Regulations are current to 2022-07-13 and last amended on 2022-03-02. Previous Versions

PART 1General (continued)

Recall (continued)

 The manufacturer and the importer of a medical device shall, as soon as possible after the completion of a recall, each report to the Minister

  • (a) the results of the recall; and

  • (b) the action taken to prevent a recurrence of the problem.

  •  (1) Despite sections 64 and 65, the manufacturer of a medical device may permit the importer of the device to prepare and submit, on the manufacturer’s behalf, the information and documents with respect to the recall if the information and documents that the manufacturer and importer must submit are identical.

  • (2) The manufacturer shall advise the Minister in writing if the manufacturer has permitted the importer to prepare and submit the information and documents with respect to the recall on the manufacturer’s behalf.

  • SOR/2002-190, s. 6

Implant Registration

  •  (1) Subject to section 68, the manufacturer of an implant shall provide, with the implant, two implant registration cards that contain

    • (a) the name and address of the manufacturer;

    • (b) the name and address of any person designated by the manufacturer for the collection of implant registration information;

    • (c) a notice advising the patient that the purpose of the cards is to enable the manufacturer to notify the patient of new information concerning the safety, effectiveness or performance of the implant, and any required corrective action; and

    • (d) a statement advising the patient to notify the manufacturer of any change of address.
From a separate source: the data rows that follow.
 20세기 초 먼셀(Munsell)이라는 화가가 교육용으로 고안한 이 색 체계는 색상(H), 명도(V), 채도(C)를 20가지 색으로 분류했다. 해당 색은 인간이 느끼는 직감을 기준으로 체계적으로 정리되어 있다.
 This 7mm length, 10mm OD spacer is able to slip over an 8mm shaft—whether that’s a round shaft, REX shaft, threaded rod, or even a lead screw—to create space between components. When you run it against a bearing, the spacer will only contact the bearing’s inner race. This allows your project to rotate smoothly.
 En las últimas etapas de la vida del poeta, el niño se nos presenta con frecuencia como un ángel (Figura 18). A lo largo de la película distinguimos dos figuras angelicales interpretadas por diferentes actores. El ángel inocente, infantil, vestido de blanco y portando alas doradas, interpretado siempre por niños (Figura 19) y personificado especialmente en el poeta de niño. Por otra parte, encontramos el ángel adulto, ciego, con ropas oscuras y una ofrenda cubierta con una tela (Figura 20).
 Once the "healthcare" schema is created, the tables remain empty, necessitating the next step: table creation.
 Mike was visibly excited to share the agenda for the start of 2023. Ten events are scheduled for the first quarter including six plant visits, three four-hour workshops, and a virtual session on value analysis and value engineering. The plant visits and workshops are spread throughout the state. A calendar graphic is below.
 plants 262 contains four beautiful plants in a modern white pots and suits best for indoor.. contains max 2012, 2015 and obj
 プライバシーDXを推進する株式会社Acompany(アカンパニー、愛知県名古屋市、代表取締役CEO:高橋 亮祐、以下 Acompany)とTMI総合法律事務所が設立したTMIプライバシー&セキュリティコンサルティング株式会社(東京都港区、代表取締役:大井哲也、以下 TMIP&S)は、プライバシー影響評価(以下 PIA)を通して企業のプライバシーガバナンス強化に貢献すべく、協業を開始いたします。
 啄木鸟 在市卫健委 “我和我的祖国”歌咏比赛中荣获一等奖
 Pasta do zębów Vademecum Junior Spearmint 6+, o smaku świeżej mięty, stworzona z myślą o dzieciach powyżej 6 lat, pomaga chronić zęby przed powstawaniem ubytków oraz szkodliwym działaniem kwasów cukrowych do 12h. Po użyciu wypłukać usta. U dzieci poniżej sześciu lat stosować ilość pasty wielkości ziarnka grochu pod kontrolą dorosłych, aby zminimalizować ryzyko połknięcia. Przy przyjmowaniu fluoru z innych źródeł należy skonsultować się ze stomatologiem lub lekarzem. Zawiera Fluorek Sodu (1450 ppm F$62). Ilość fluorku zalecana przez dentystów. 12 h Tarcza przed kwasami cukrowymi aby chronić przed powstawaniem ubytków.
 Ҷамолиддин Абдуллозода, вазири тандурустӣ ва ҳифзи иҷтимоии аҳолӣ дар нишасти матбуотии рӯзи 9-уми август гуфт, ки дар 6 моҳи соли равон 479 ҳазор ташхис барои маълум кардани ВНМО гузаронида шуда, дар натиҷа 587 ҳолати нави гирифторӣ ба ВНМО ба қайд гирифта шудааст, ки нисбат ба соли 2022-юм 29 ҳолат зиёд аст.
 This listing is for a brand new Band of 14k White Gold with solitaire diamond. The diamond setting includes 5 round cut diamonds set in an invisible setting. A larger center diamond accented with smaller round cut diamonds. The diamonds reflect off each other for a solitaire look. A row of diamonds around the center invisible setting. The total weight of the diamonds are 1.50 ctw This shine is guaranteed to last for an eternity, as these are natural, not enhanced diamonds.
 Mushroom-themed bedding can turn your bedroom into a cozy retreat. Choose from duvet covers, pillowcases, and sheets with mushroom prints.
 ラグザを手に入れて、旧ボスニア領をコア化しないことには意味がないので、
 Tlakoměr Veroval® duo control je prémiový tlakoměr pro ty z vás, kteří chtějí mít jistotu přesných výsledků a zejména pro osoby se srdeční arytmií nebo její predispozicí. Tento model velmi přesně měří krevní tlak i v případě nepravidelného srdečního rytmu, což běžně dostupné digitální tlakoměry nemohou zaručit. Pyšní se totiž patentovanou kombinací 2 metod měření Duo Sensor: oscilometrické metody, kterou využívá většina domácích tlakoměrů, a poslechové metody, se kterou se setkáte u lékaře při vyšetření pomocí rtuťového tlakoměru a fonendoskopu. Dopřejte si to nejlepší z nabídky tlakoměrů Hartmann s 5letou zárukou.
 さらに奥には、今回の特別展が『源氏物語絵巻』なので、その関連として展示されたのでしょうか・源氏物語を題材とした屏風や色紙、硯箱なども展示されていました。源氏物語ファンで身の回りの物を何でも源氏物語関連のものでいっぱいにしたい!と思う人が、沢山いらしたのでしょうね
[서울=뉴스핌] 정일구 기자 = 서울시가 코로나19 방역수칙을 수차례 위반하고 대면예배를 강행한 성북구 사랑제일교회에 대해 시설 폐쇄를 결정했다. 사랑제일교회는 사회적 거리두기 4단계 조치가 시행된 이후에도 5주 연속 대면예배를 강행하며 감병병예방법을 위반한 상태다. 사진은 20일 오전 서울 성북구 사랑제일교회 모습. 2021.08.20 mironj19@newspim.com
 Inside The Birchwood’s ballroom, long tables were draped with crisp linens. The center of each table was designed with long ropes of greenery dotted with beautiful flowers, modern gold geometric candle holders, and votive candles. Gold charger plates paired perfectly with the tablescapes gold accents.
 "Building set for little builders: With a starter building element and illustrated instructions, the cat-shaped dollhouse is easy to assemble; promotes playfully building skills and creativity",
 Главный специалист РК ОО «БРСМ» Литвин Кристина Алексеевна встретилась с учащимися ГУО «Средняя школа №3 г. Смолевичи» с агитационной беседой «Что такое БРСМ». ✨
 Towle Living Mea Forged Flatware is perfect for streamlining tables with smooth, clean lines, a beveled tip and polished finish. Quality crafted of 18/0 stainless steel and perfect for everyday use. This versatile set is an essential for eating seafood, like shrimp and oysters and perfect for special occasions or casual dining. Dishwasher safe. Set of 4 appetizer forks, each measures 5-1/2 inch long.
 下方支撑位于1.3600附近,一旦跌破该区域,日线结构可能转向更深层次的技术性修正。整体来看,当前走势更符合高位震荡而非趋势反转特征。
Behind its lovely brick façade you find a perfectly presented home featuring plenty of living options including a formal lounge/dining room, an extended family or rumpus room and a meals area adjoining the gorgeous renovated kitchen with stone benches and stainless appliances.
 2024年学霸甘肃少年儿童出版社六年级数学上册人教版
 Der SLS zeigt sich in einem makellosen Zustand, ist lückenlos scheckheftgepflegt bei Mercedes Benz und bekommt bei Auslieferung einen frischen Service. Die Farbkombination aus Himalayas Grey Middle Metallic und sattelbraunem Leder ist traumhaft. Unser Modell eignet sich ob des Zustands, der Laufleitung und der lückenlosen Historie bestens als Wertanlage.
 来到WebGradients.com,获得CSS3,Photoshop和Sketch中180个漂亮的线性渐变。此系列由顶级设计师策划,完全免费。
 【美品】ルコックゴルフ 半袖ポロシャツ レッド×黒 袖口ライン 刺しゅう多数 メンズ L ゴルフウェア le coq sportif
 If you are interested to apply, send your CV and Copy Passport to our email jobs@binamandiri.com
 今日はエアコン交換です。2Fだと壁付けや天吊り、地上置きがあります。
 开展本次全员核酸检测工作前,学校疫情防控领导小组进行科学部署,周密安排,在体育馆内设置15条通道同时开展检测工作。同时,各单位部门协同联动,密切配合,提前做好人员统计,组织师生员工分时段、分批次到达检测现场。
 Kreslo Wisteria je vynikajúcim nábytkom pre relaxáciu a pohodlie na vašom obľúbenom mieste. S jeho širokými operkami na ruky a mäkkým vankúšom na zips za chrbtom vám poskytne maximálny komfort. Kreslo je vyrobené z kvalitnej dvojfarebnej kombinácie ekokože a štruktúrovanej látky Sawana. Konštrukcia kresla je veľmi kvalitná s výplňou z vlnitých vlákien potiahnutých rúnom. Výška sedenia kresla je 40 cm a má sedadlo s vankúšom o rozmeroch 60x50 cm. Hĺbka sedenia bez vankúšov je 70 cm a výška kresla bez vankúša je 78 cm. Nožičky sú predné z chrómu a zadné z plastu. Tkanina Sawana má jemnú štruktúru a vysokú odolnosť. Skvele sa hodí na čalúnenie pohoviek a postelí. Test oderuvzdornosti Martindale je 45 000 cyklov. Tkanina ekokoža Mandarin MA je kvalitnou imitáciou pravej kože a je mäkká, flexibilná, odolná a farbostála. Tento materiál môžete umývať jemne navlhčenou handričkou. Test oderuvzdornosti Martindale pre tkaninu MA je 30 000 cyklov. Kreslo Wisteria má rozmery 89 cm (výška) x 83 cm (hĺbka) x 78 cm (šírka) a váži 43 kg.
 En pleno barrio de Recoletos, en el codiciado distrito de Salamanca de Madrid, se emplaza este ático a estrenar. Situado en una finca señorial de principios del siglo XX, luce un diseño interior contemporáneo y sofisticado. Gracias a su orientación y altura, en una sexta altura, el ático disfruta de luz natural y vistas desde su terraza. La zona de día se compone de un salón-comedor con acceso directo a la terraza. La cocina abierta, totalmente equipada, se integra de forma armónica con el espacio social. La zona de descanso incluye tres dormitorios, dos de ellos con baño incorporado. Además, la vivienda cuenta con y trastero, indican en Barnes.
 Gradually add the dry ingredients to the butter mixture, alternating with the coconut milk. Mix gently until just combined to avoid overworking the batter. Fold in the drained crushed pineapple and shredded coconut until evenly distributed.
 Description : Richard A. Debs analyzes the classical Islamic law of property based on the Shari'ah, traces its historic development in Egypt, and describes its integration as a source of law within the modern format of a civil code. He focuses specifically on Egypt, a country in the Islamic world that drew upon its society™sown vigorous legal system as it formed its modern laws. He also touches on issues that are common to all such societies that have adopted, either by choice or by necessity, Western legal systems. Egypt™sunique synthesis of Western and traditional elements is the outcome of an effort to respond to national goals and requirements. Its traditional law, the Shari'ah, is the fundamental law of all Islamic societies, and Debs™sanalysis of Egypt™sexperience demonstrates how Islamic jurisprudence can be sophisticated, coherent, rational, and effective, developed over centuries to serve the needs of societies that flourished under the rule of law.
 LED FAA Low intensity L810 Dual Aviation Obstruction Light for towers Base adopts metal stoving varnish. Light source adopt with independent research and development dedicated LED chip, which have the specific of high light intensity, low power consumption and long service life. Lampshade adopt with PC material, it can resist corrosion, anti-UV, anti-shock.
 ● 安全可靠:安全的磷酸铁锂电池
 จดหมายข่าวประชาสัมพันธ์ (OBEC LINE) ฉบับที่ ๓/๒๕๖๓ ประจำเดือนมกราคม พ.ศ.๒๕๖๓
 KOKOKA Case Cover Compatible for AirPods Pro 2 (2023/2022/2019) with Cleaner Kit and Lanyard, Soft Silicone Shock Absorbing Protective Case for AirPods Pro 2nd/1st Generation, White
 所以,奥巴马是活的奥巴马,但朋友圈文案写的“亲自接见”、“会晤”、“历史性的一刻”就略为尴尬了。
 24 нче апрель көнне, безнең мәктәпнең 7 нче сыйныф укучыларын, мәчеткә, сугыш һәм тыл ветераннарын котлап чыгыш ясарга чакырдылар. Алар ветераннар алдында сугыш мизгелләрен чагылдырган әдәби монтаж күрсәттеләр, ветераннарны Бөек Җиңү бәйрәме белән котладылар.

  • (2) An implant registration card shall be designed for the recording of the following information:

    • (a) the name of the device, its control number and its identifier, including the identifier of any medical device that is part of a system, test kit, medical device group, medical device family or medical device group family;

    • (b) the name and address of the health care professional who carried out the implant procedure;

    • (c) the date on which the device was implanted;

    • (d) the name and address of the health care facility at which the implant procedure took place; and

    • (e) the patient’s name and address or the identification number used by the health care facility to identify the patient.

  • (3) The two implant registration cards referred to in subsection (1) shall be printed in both official languages; however, the manufacturer may choose to provide four cards, two in English and two in French.

  •  (1) Subject to subsection (2), a member of the staff of the health care facility where an implant procedure takes place shall, as soon as possible after the completion of the procedure, enter the information required by subsection 66(2) on each implant registration card, give one card to the implant patient and forward one card to the manufacturer of the implant or the person designated pursuant to paragraph 66(1)(b).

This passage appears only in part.